As top-level code is intended as a safe space for testing out features and
writing pleasant little scripts, this simply will not do.
In addition to the strange and dangerous behavior of variables, changing whether
a context is synchronous or asynchronous has an impact on how function overloads
are resolved, so simply flipping a switch could result in some nasty hidden
semantic changes, potentially breaking scripts that already exist.
Proposed solution
The solutions will only apply when the top-level code is an asynchronous
context. As a synchronous context, the behavior of top-level code does not
change. In order trigger making the top-level context an asynchronous context, I
propose using the presence of an await
in one of the top-level expressions.
An await nested within a function declaration or a closure will not trigger the
behavior.
func doAsyncStuff() async {
// ...
}
let countCall = 0
let myClosure = {
await doAsyncStuff() // `await` does not trigger async top-level
countCall += 1
}
await myClosure() // This `await` will trigger an async top-level
Top-level global variables are implicitly assigned a @MainActor
global actor
isolation to prevent data races. To avoid breaking sources, the variable is
implicitly marked as pre-concurrency up to Swift 6.
var a = 10
func bar() {
print(a)
}
bar()
await something() // make top-level code an asynchronous context
After Swift 6, full actor-isolation checking will take place. The usage of a
in bar
will result in an error due to bar
not being isolated to the
MainActor
. In Swift 5, this will compile without errors.
Detailed design
Asynchronous top-level context inference
The rules for inferring whether the top-level context is an asynchronous context
are the same for anonymous closures, specified in
SE-0296 Async/Await.
The top-level code is inferred to be an asynchronous context if it contains a
suspension point in the immediate top-level context.
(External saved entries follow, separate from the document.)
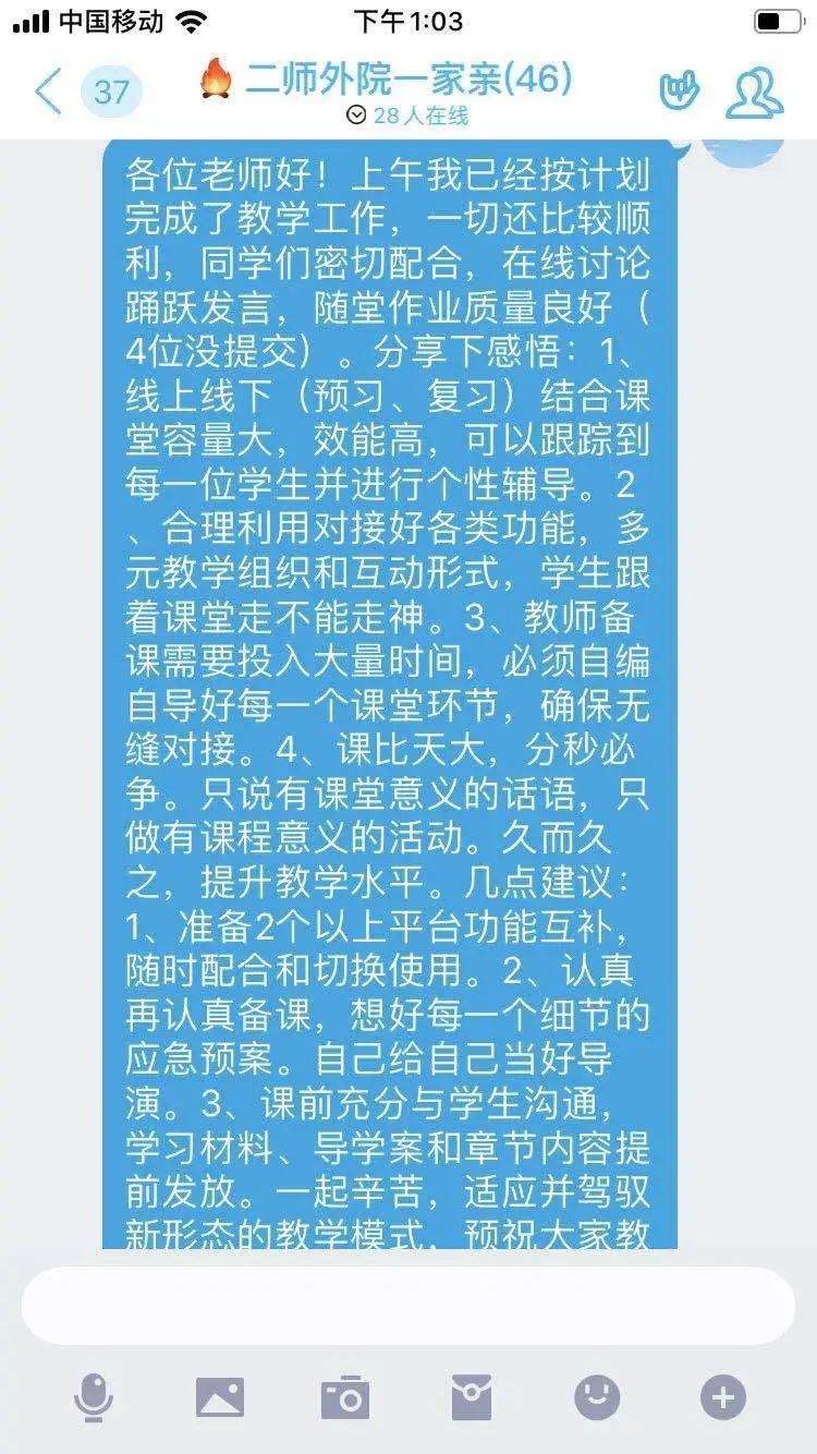 第三阶段是正式授课阶段。为保证课堂的顺利进行,学院教师多次请家人或学生提前熟悉各个平台的各项功能,并根据尝试效果,不断调整授课环节中互动、讨论的形式。为避免上课高峰期网络不畅,教师或组建QQ群、或通知学生安装钉钉等软件,在授课过程中可根据网络情况和授课需要随时切换,为正式课堂教学做了充分准备。
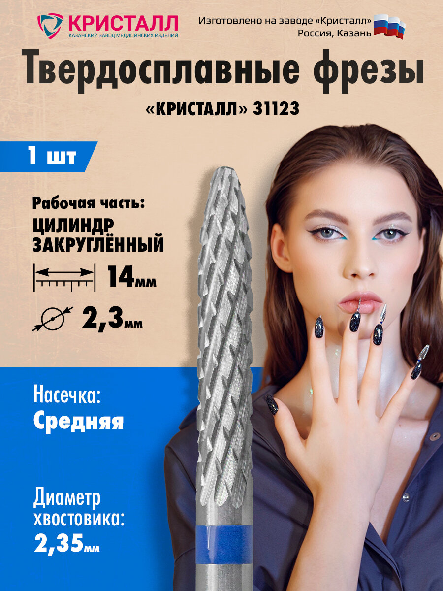 Кристалл, Твердосплавная фреза 31123 (цилиндр закругленный), средняя, D2,3, L14 интересное:
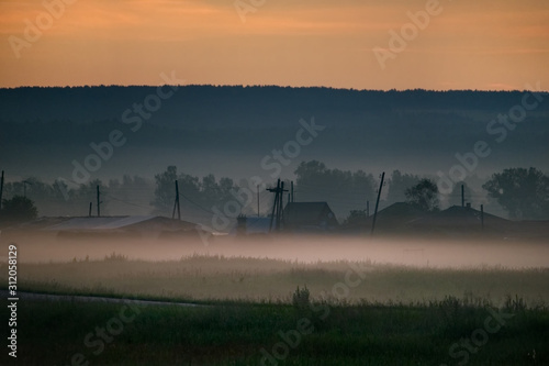 © Александр Катаржин, Fototapeta premium Russia. Republic Of Khakassia. Fog in the early summer morning in the fields near the city of Abakan.
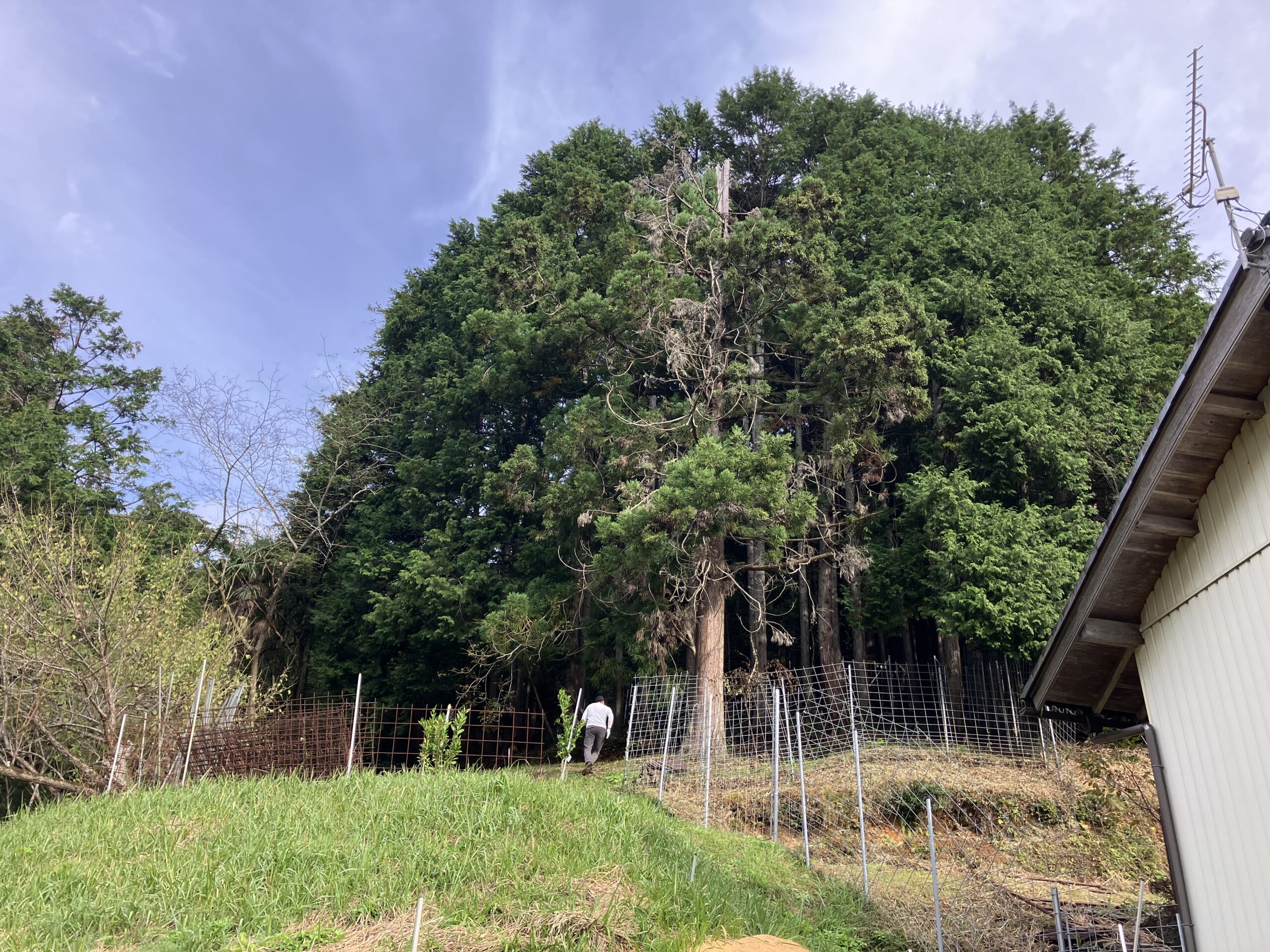 福知山市にて落雷にあった杉の伐採と田んぼに影響を及ぼす樹木の伐採を行いました。
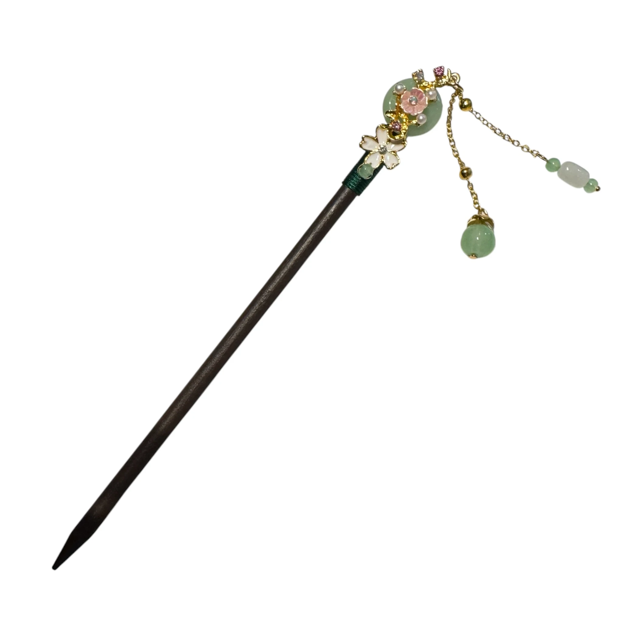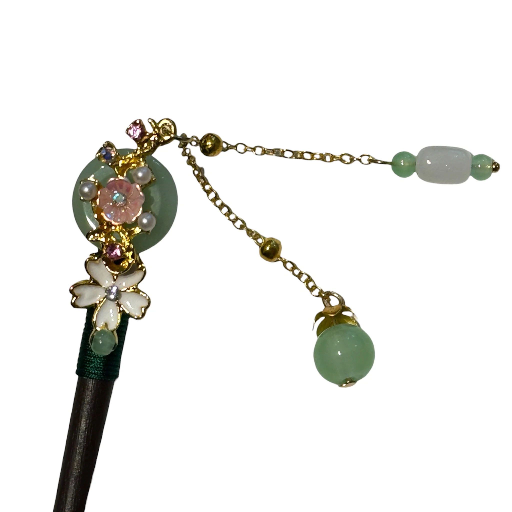 Avec son coloris marron pour la tige et ses nuances vertes, roses et dorées, cet accessoire peut se porter aussi bien avec une tenue japonaise traditionnelle qu’avec un style du quotidien.
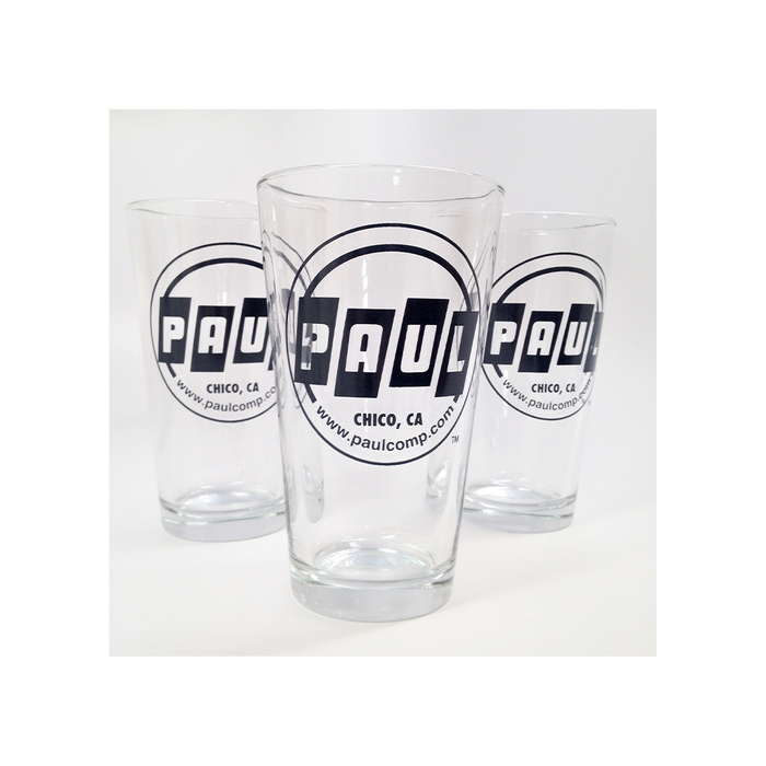 A heavy duty Pint Glass featuring the PAUL Logo
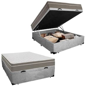 Cama Box Baú Casal Suede + Colchão Sereneprime Molas Ensacadas 138x188x69 Cinza - Blush
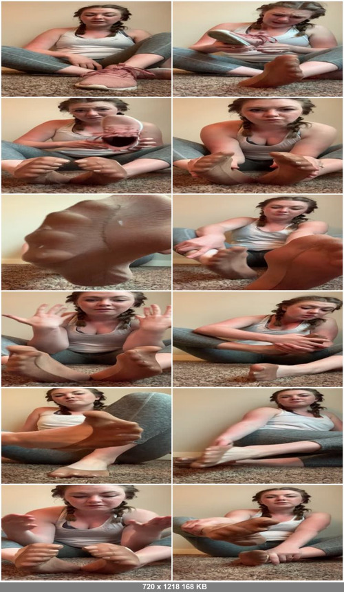 Alice just got back from her run and she wants to show off in her nylon ped socks that she knows you love. She sniffs her shoes and socks, talks dirty to you before beginning JOI and ending with a countdown.
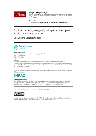 Élise Geisler, Sébastien Caillault. Expériences du paysage et pratiques numériques : Introduction au numéro thématique. Projets de paysage : revue scientifique sur la conception et l'aménagement de l'espace, 2024, 30, ⟨10.4000/120t0⟩. ⟨hal-04684980⟩
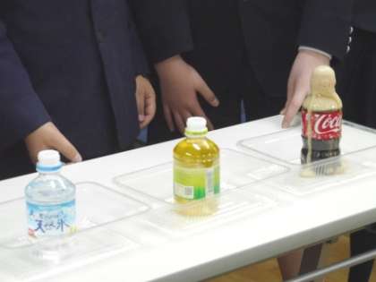 2月20日(金)2限、6年生では学校薬剤師の先生による「薬の正しい使い方教室」が行われました。病気やけがの治療を助けてくれる薬には、主作用と副作用があること、医師や薬剤師の指示に従って正しく服用することを学びました。錠剤の薬を水・お茶・コーラで服用した場合の実験【写真中・コーラに薬を入れるとあふれ出ました】などをまじえて、わかりやすくお話していただきました。
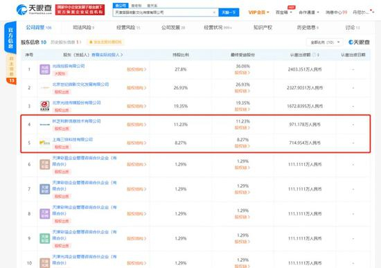 天眼查大数据显示,北京光线影业有限公司由北京光线传媒股份有限公司100%持股,后者的十大股东包括杭州阿里创业投资有限公司及美团系公司——上海汉涛信息咨询有限公司。
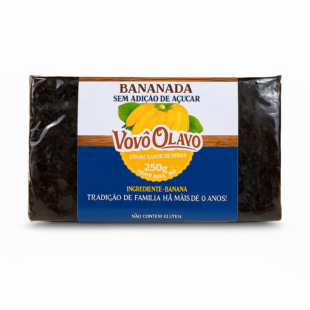 A Bananada Sem Açúcar Vovô Olavo 250g é feita com banana madura selecionada e sem adição de açúcar, mantendo o sabor autêntico e adocicado da fruta. Produzida artesanalmente em Ponte Nova – MG, segue a tradição de mais de 50 anos da família, com textura macia e sabor natural, ideal para quem busca uma opção saudável e energética.
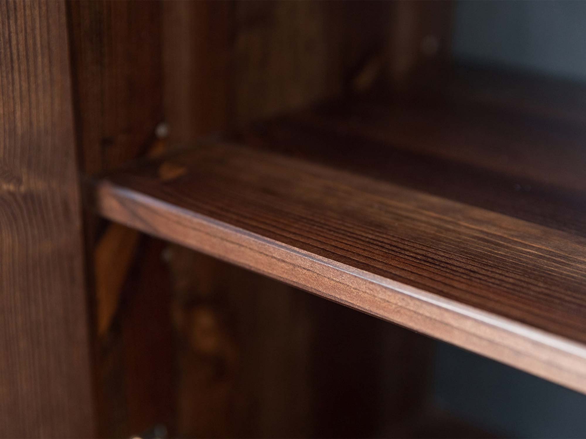 Ta półka to nie „dodatek z przypadku”, lecz przemyślany element systemu Kalari. Wykonana z litego drewna sosnowego, pięknie eksponuje naturalne słoje i sęki, a półtransparentne wykończenie farbą wodną (70% krycia) pozwala drewnu „oddychać”. Efekt? Szlachetny, matowy wygląd i powierzchnia, która jest odporna na codzienne użytkowanie. Każdy egzemplarz jest unikatowy – bo tak właśnie działa natura, a my pozwalamy jej grać pierwsze skrzypce.

func theAnswer() async -> Int { 42 }
async let a = theAnswer() // implicit await, top-level is async
await theAnswer() // explicit await, top-level is async
let numbers = AsyncStream(Int.self) { continuation in
Task {
for number in 0 .. < 10 {
continuation.yield(number)
}
continuation.finish()
}
}
for await number in numbers { // explicit await, top-level is asnyc
print(number)
}
The above example demonstrates each kind of suspension point, triggering an
asynchronous top-level context. Specifically, async let a = theAnswer()
involves
an implicit suspension, await theAnswer()
involves an explicit suspension, as does
for await number in numbers
. Any one of these is sufficient to trigger the switch to
an asynchronous top-level context.
Not that the inference of async
in the top-level does not propagate to
function and closure bodies, because those contexts are separably asynchronous
or synchronous.
func theAnswer() async -> Int { 42 }
let closure1 = { @MainActor in print(42) }
let closure2 = { () async -> Int in await theAnswer() }
The top-level code in the above example is not an asynchronous context because
the top-level does not contain a suspension point, either explicit or implicit.
The mechanism for inferring whether a closure body is an asynchronous context
lives in the FindInnerAsync
ASTWalker. With minimal effort, the
FindInnerAsync
walker can be generalized to handle top-level code bodies,
maintaining the nice parallel inference behaviour between top-level code and
closure body asynchronous detection.
Variables
Variables in top-level code are initialized sequentially like a local variable,
but are in the global scope and are otherwise treated as global variables.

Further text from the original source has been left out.